The Next Generation of Turing Tests
On Friday, September 15, the GPTZero research team ran a human study with more than fifty AI researchers from the University of Toronto Vector AI Institute and affiliate groups. The results were conclusive that even the researchers most familiar with AI language models are unable to discern patterns of AI writing without GPTZero assistance.
The study started with members of the GPTZero machine learning team attending the Vector Institute for AI career fair, alongside a variety of companies pitching why the next generation of AI talent should work for them. The atmosphere was electric around the GPTZero booth with engineers and researchers curious to hear more about what we do, and the methodologies we employ to achieve our goals as an organization working to preserve the value of human writing.
The most common questions that attendants asked were about the type and scale of data we have, as well as the machine learning architectures leveraging that data to discern human vs AI generated text. We have been scaling our models in size so that they can leverage an ever-growing corpus of text covering a variety of domains including news, essays, social media, and encyclopedia articles.
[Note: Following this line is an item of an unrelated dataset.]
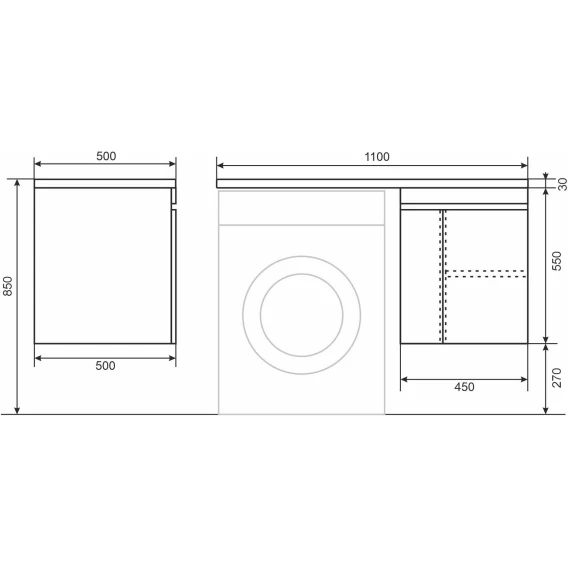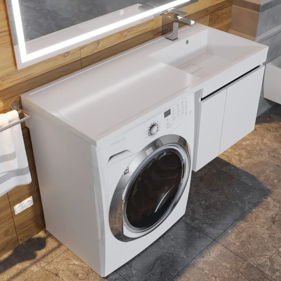 Тумба с раковиной Uperwood Magenta 52490000010 120 см R, подвесная, над стиральной машиной, белый матовый/графит матовый

Our dataset size increased by a factor of 22 since August, enabling the use of larger transformer models.
Upon reflection, these models, similar in some ways to large language models, have seen more text than a human can hope to process in a lifetime. In fact, it is challenging for a human to tell the difference between human and AI text. Contrast this to other segments of the AI tech landscape such as autonomous vehicles, or computer vision APIs. Vision problems and control problems are where humans excel. Although AI exceeds the performance of human vision on some benchmarks, it can still lag behind in terms of robustness to some image corruptions, not to mention adversarial attacks. It may be feasible to fake good performance by having say a group of humans act as a replacement for an ML AP or a human remote control a car. There are notable examples of this happening in companies that claim to automate app building or offer chatbots. Unlike these applications, having an army of human workers decide if a document was written by a human or AI is unlikely to be useful as humans are notoriously ineffective at this task.
How bad are they?
We sought to answer this question at the career fair by hosting a research study. We had 5 different passages that were each approximately a paragraph in length, 2 of which were written by humans, and 3 of which were AI generated.
To incentivize participants to perform well, the prize for the highest score was a guaranteed interview for one of our Founding Machine Learning Engineer positions: a posting that has received over 700 applications. Figure 1 shows the distribution of scores. There were 57 respondents, only 3 of which had a perfect score, with the majority of participants making 2 or more errors.
The following passage written by one of the members of our ML team was the most difficult for participants:
There was a time when large language models ruled the world. Those days are long gone now. Instead, carefully-tuned, sparse fully-connected networks are more widely adopted. This of course has been to the detriment of many AI companies and researchers who have devoted their time to large models. This information can be used when deciding which research area to pursue. For example, there are many subfields that can be excluded based on the above criteria.
Figure 1: Distribution of Respondent Scores
Only 44% of participants correctly guessed that the text was human generated. GPTZero makes the correct prediction on this text owing to the fact that our prediction thresholds have been tuned to limit false positive predictions. This is becoming increasingly important in domains such as education where it is desirable to avoid unnecessary accusations of cheating. Our holistic approach which includes the writing report and evaluates the writing process itself further reduces the risk of false positives, and is particularly helpful for texts that are ambiguous.
Statistics for all 5 passages can be seen in Table 1. Overall, these results confirm the need for the next generation of Turing tests.
Table 1: Accuracy for each passage.
Originally, Alan Turing proposed the use of a human evaluator to conduct a blind study in which there is a human participant and a machine participant. The goal for the evaluator is to determine which is human and which is AI by asking a series of questions. This was a fascinating idea at the time, though it is becoming apparent that the natural language generation and reasoning abilities of LLMs are powerful enough to fool human evaluators.
One of the missing details in Turing’s proposal is who the human evaluator should be. What level of intelligence should they have? How old should they be? At GPTZero, we face a similar question, but instead of evaluating intelligence, we are searching for subtle signatures in writing that are peculiar to LLMs. Our goal is to do this in an objective, data-driven way that evolves with how English changes over time. The retraining procedures, and data generation efforts done by our ML team are a key piece in this shifting puzzle, and enable us to stay one step ahead of LLMs as they play the imitation game.